One of the good things about Blue Stilton, Resnick was thinking, ripe enough it had a flavor that would survive no matter the company. This particular piece, the last of a chunk he had brought back from the market the other side of Christmas, he mashed down into a slice of dark rye bread before layering it with narrow strips of sun-dried tomato, half a dozen circles of pepper salami, a piece of ham, a handful of black olives cut into halves; a second slice of bread he rubbed with garlic before buttering and setting it on top. There were tomatoes in the salad box, a nub of cucumber, several ailing radishes, the last of an iceberg lettuce which he shredded with a knife. Somehow he’d allowed his stock of Czech Budweiser to run out, but near the back of the fridge he knew was a Worthington’s White Shield in its new-shaped bottle. In fact, there were two.

Of course, he had still not bought the CD player and the Billie Holiday box set sat on the living-room mantelpiece gathering dust, an expensive rebuke. Resnick placed his sandwich on the table near his chair, watchful that one of the more adventurous cats, Dizzy or Miles, didn’t jump up and start nibbling round the edges. He pulled one of his favorites, the Clifford Brown Memorial album, from the crowded shelf and slipped it from its battered sleeve.
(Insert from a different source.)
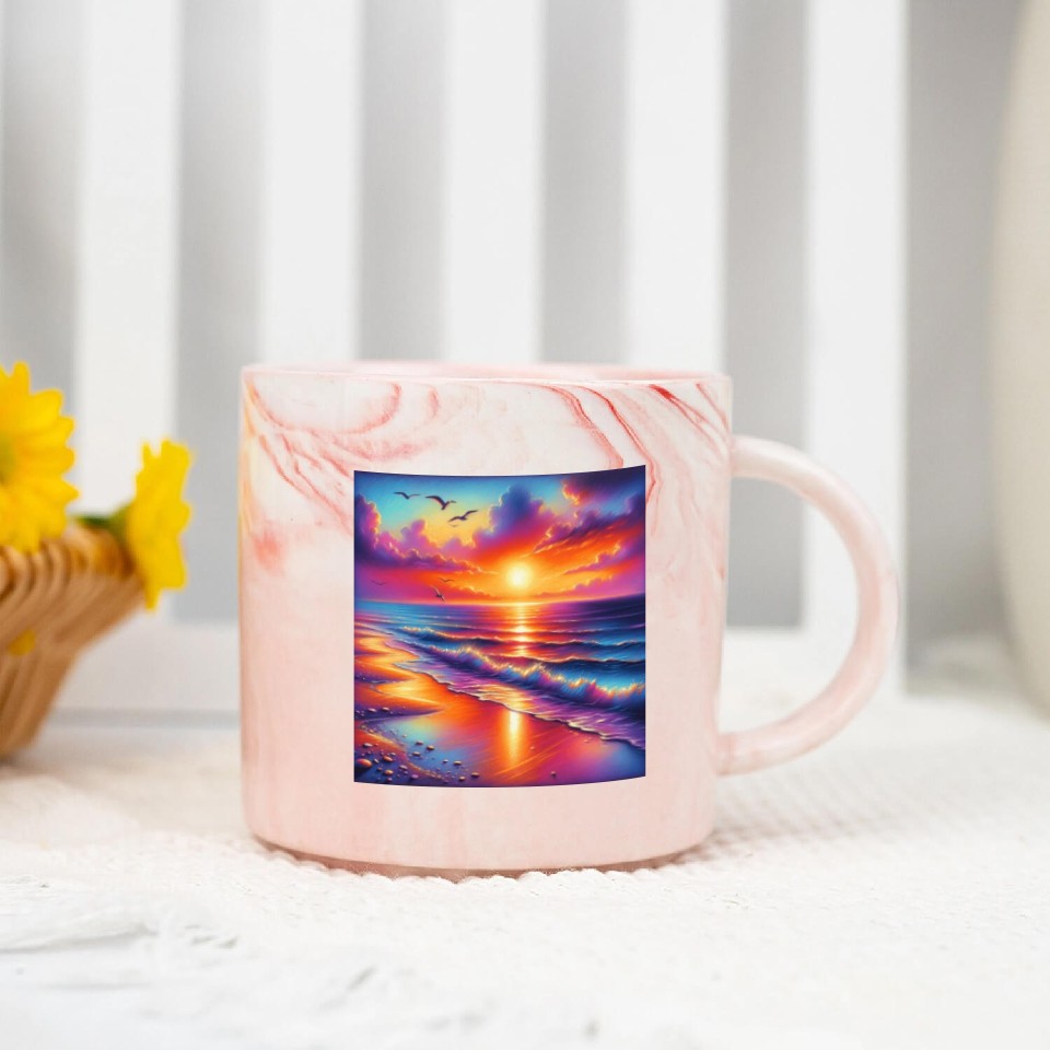 You are shopping for a stunning and trendy product Sunset Serenity: Pastel Beachscape Marble Mugs For Pink belong theme Marble Mugs at Printblur

Music playing, he poured his beer, careful not to let the sediment slip down into the glass. Half of the sandwich he lifted towards his mouth with both hands, catching the oil from the sun-dried tomatoes on his tongue.

The Penguin Guide to Jazz was proving good reading, fine for dipping into, interesting as much for who was left out as who was included. Branford, Ellis, and Wynton Marsalis, but not Delfeayo. Endless sections devoted to European avant-gardists who recorded hard-to-get cassettes in Scandinavia, but no room for Tim Whitehead, whose quartet Resnick had seen recently in Birmingham, nor the altoist Ed Silver, so much a part of the early British bop scene and Resnick’s friend.

Resnick set down the book and reached for his glass. A couple of years back, he had talked Ed Silver out of severing his own foot from his body with an ax, taken him into his home, and kept him company long into a succession of nights. Resnick listening to Silver’s reminiscences about gigs he had played, recordings he had made, promoters and agents who had cheated him out of what was rightly his. The day, speechless, he came face to face with Charlie Parker in New York; the night he almost sat in with Coltrane. All the while easing him off the booze, encouraging him to regain a grip on his life.